For starters, let's look at latitude and longitude, and as a binary problem with a reasonable cutoff. 

In [None]:
plt.scatter(lons,lats,c=y,cmap='viridis')
plt.colorbar()

So it looks like lat and long doesn't play a huge role in what the magnitude is, but you can see the outlines of continents :) 

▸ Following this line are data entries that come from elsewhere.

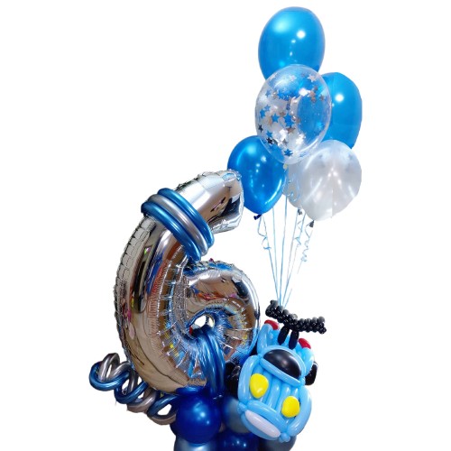 Цифра з кульок Шість для хлопчика з машинкою Опис:Ця композиція стане ідеальним вибором для святкув..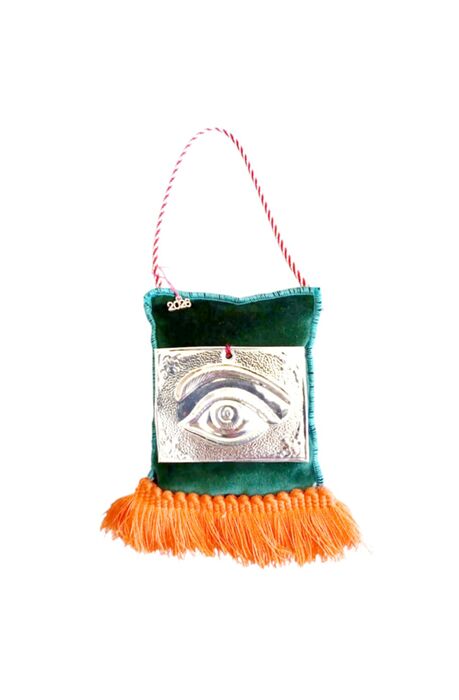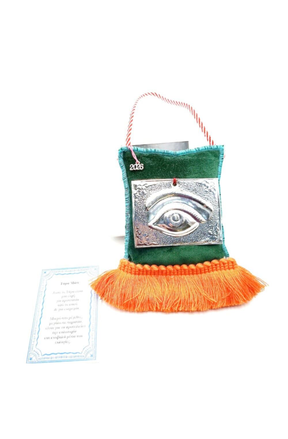 Ένα μοναδικό γούρι για τη νέα χρονιά, με ασημί μεταλλικό μάτι πάνω σε μαξιλαράκι απο βελούδο.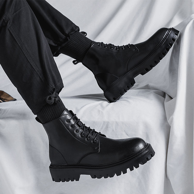 マーティンブーツ男英倫風高組ブーツ秋男靴新型中組高背革靴黒チェルシーショートブーツ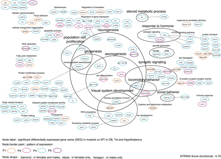 Functional interaction and annotation of genes from patterns (Figure 7B) P1, P2, P4, and P5 (indicated by the node border color) are significantly differentially expressed in mutants versus WT in the three brain areas, in males and/or in females (indicated by the node shape).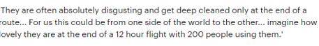 "Please don't go to the toilet on the barefoot, imagine a 12-hour end of the flight,200 people used the bathroom, how 'lovely' the bathroom would be."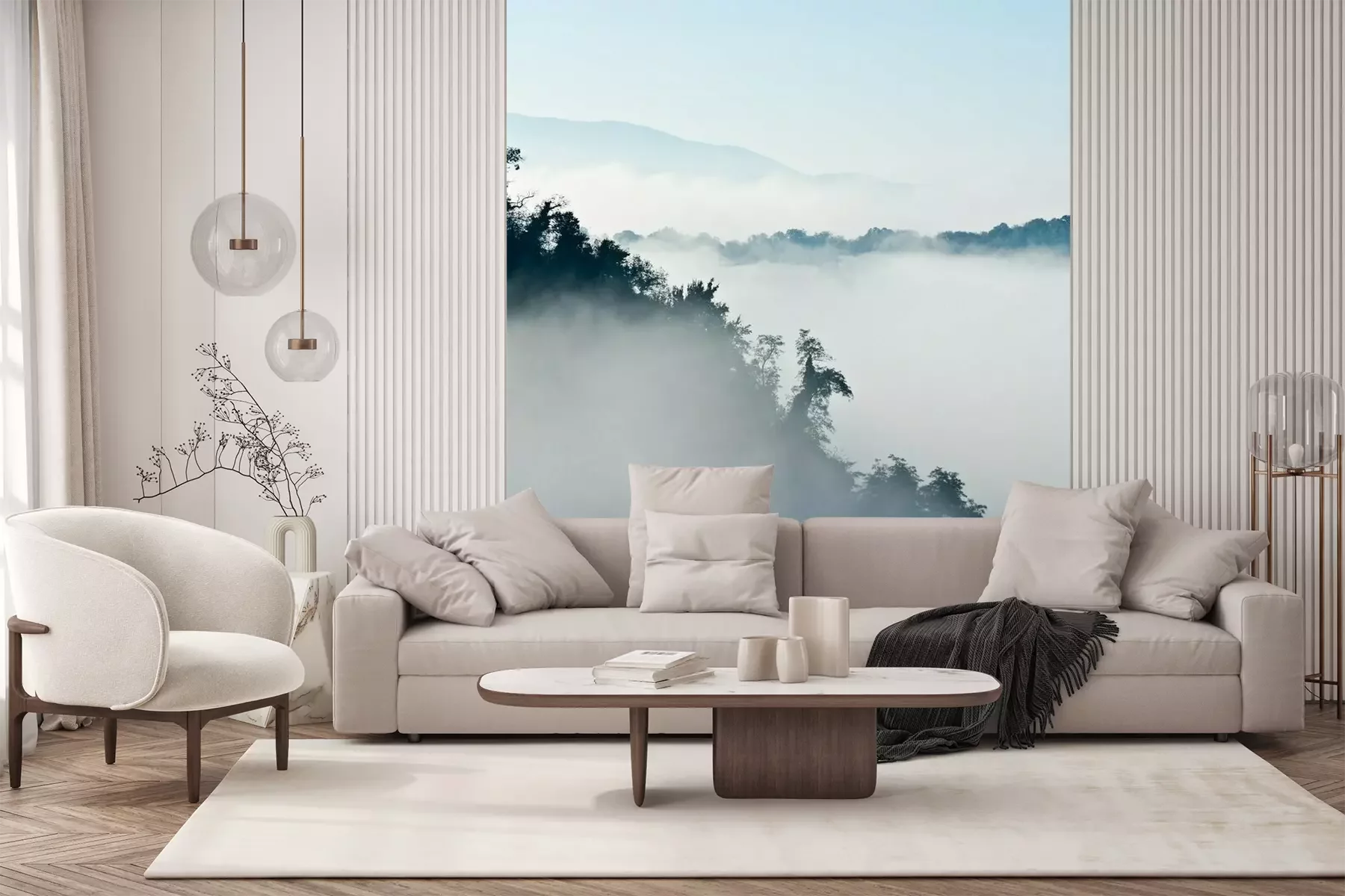 Das Material Premium+ besteht aus einer strukturierten Vinyl-Oberschicht und einem Trägermaterial (Vlies) mit einer Grammatur von 255 g/m², das kleine Unebenheiten der Wand zuverlässig kaschiert. Die feine Sandstruktur verleiht der Oberfläche eine luxuriöse Haptik, während das halbmatte Finish die Tiefe der Farben betont. Das Material ist dampfdurchlässig – so kann diese Fototapete auch in Küchen und Badezimmern eingesetzt werden. Die maximale Breite einer Tapetenbahn beträgt 100 cm. Bei größeren Abmessungen besteht die Fototapete aus mehreren gleich großen Bahnen. Der Kleber wird direkt auf die Wand aufgetragen, und die Fototapete wird auf Stoß angebracht, was für einen ästhetischen Effekt ohne sichtbare Fugen sorgt. Die Oberfläche ist pflegeleicht und kann bei Bedarf sanft mit einem feuchten Tuch abgewischt werden.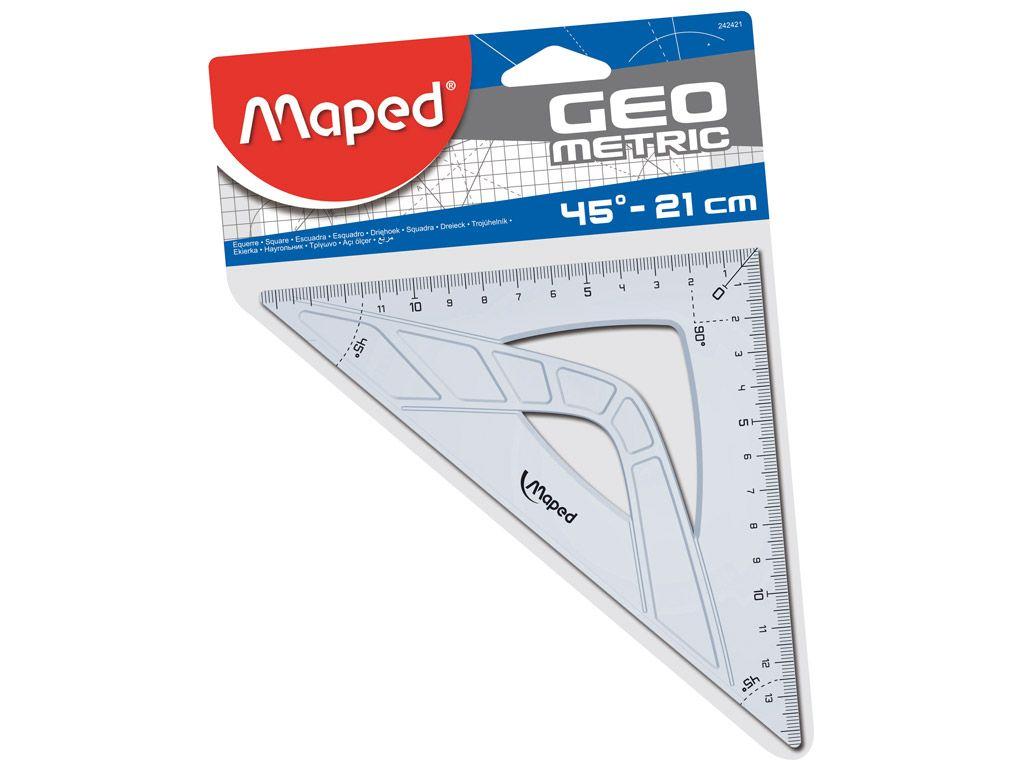 Kolmnurk Maped Geometric - 45 kraadi, läbipaistev, 21cm pikkune Kolmnurkjoonlaud Maped Geometric on ergonoomilise ja tehnilise disainiga. Paremas nurgas paiknev 0-punkt võimaldab samal ajal mõõta ja joonestada. Kõrgekvaliteedilise märgistusega skaala on eriti hea vastupidavuse tagamiseks trükitud UV-tindiga.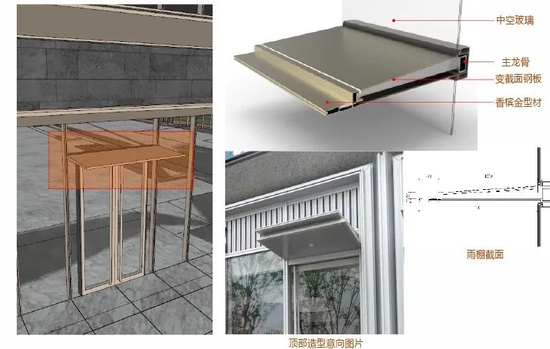 3、玻璃端頭采用香檳金色鋁板+型材的形式,保證造型的挺度。中間用鋁包鋼的形式,將雨蓬懸挑主鋼梁結(jié)合方案造型落地,保證構(gòu)架結(jié)構(gòu)合理性的同時(shí)最大程度還原了方案效果要求。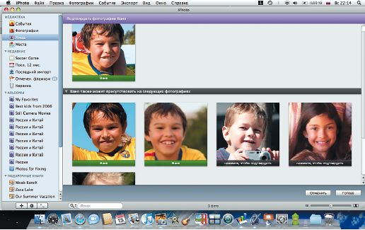 Эта функция, бесспорно, удобна. Например, вы хотите всегда иметь под рукой свои фотографии, чтобы при случае поместить что-то новенькое в «Одноклассники». Раньше вам пришлось бы вспоминать, когда и где вас удачно сфотографировали, и перелопачивать огромное количество папок. А теперь все просто: iPhoto умеет распознавать лица. Причем эта процедура автоматически запускается при импорте новых снимков в ваши альбомы. Конечно, чем фотографий больше, тем продолжительнее она будет. В результате iPhoto предложит вам познакомиться с обнаруженными на снимках изображениями людей и указать их имена. Достаточно опознать человека лишь на одной фотографии, чтобы программа сама показала вам похожие снимки. Разумеется, компьютер может ошибаться, и потому iPhoto представит вам все, похожие, по его мнению, снимки, чтобы подтвердить правильность выбора.

So now its time to build a model. With input as year, lat, and lon trying to regress to magnitude. First will be a minmax normalization and train test splitting, then the construction of the model

In [6]:
y = y.reshape(np.shape(y)[0],1)

I will be changing the dataset so there is an additional hidden layer. I will try to code the NN by memory as well in order to help memorize the architecture and logic of these models. 

In [7]:
from sklearn.preprocessing import MinMaxScaler
from sklearn.model_selection import train_test_split


X = data[['Latitude','Longitude','Year']].values
y = data['Magnitude'].values




In [8]:
#removing the last 12 values to simplify batch size 
X = X[0:23400]
y = y[0:23400]

In [9]:
y = y.reshape(np.shape(y)[0],1)

In [10]:
X_train,X_test,y_train,y_test = train_test_split(X,y,shuffle=True)

scaler = MinMaxScaler()

X_train = scaler.fit_transform(X_train)

In [31]:
X_train.shape[0]/50

351.0

In [32]:
#Now initialize hyperparameters:

num_epochs = 52560 #*10 
#something not included can write in batches now. 
batches = 351  #not exactly sure how to set this, but if I have 351 batches that means I have a batch size of fifty. 
syn0 = 2*np.random.random((3,5)) -1 #first hidden layer's weights
syn1 = 2 * np.random.random((5,4)) - 1  #second hidden layer's weights
syn2 = 2 * np.random.random((4,1)) - 1

In [33]:
X_train[0:50]
X_train[50*i:(50*i)+10]

array([[ 0.4245727 ,  0.85197253,  0.15686275],
       [ 0.59233501,  0.0690956 ,  0.35294118],
       [ 0.69491171,  0.77806852,  0.56862745],
       [ 0.79152894,  0.94338795,  0.35294118],
       [ 0.38940565,  0.96290216,  0.88235294],
       [ 0.37719794,  0.96416329,  0.        ],
       [ 0.22042073,  0.73759285,  0.82352941],
       [ 0.58729096,  0.21630083,  0.60784314],
       [ 0.24674072,  0.99221931,  0.49019608],
       [ 0.50879176,  0.4085957 ,  0.25490196]])

In [34]:
#activation function goes here. 
def nonlin(x,deriv = False):
    """This is the sigmoid function. 
    
    Derivative feature included to help with gradient descent to soon come. 
    """
    if deriv :
        return x*(1-x)

    return 1/(1+np.exp(-x))

In [37]:
#now for training day:

for i in range(num_epochs):
    for batch in range(batches):
        X_batch = X_train[50*i:(50*i)+50]
        y_batch = y_train[50*i:(50*i)+50]
        
        k0 = X_batch
        k1 = nonlin(np.dot(k0,syn0)) #activation applied onto the first hidden layer
        k2 = nonlin(np.dot(k1,syn1)) #activation onto the second layer
        k3 = nonlin(np.dot(k2,syn2)) #activation onto the output layer, this is the resulting guess. 
    
        k3_error = y_batch - k3  # how far off you were. This is a fairl
    
        k3_delta = k3_error * nonlin(k3,deriv=True)
    
    #and backpropagation goes here. 
    #the error in hidden layer 2 is dot product of the direction of the error in the next layer, 
    #with the weights used at this particular layer. 
        k2_error = k3_delta.dot(syn2.T)
    
        k2_delta = k2_error * nonlin(k2,deriv=True)
    
        k1_error = k2_delta.dot(syn1.T)
        k1_delta = k1_error * nonlin(k1,deriv=True)
    
    

    #update weights
        syn0 += k0.T.dot(k1_delta)
        syn1 += k1.T.dot(k2_delta)
        syn2 += k2.T.dot(k3_delta)
    if (i% 10000) == 0:  #quick sanity check for every 10000 epochs.  The error should drop!
        print("Error: " + str(np.mean(np.abs(k3_error))))
        

Error: 4.824


KeyboardInterrupt: 

So it runs, but it isn't learning. Based on the preliminary data exploration this seemed like it was going to be the case, but regardless going through a neural network and building it by memory was a pretty good excercise!